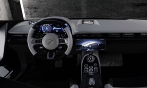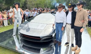 Karoserija iz poliranega aluminija Izjemno oblikovalsko delo zaznamuje surov aluminij, poliran do visokega sijaja, ki ustvarja brezhiben prehod med kovinskimi površinami in steklenimi elementi. Ta monolitni videz avtomobilu daje umetniški pridih in občutek skulpture, izklesane iz enega kosa.
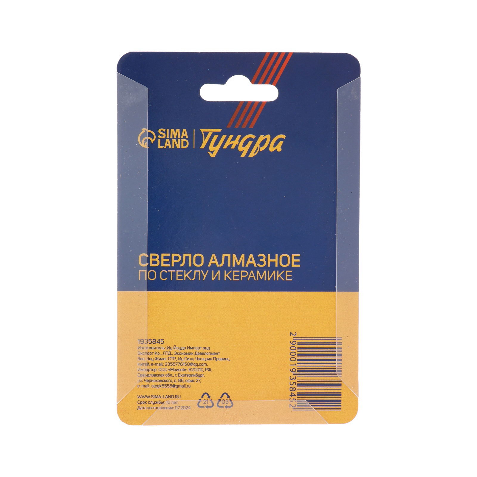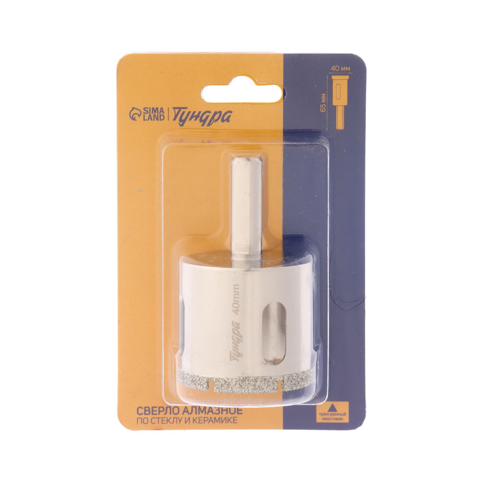 Сверло алмазное по стеклу и керамике трехгранный хвостовик, 40x65 мм, 400 см., ТУНДРА, Китай
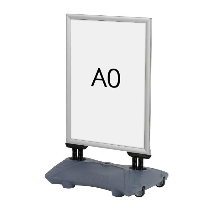 Podstavek se lahko napolni z vodo ali peskom, kar zagotavlja stabilnost tudi v močnem vetru. Zaradi vzmetnega mehanizma se stojalo nežno upogiba, s čimer se zmanjšajo obremenitve na konstrukcijo, plakat pa ostane lepo razporejen in viden.

----

Nothing but an exact copy of the data, without its images, should make up your answer.

**Written response**.
 Karoserija iz poliranega aluminija Izjemno oblikovalsko delo zaznamuje surov aluminij, poliran do visokega sijaja, ki ustvarja brezhiben prehod med kovinskimi površinami in steklenimi elementi. Ta monolitni videz avtomobilu daje umetniški pridih in občutek skulpture, izklesane iz enega kosa.
 Сверло алмазное по стеклу и керамике трехгранный хвостовик, 40x65 мм, 400 см., ТУНДРА, Китай
 Podstavek se lahko napolni z vodo ali peskom, kar zagotavlja stabilnost tudi v močnem vetru. Zaradi vzmetnega mehanizma se stojalo nežno upogiba, s čimer se zmanjšajo obremenitve na konstrukcijo, plakat pa ostane lepo razporejen in viden.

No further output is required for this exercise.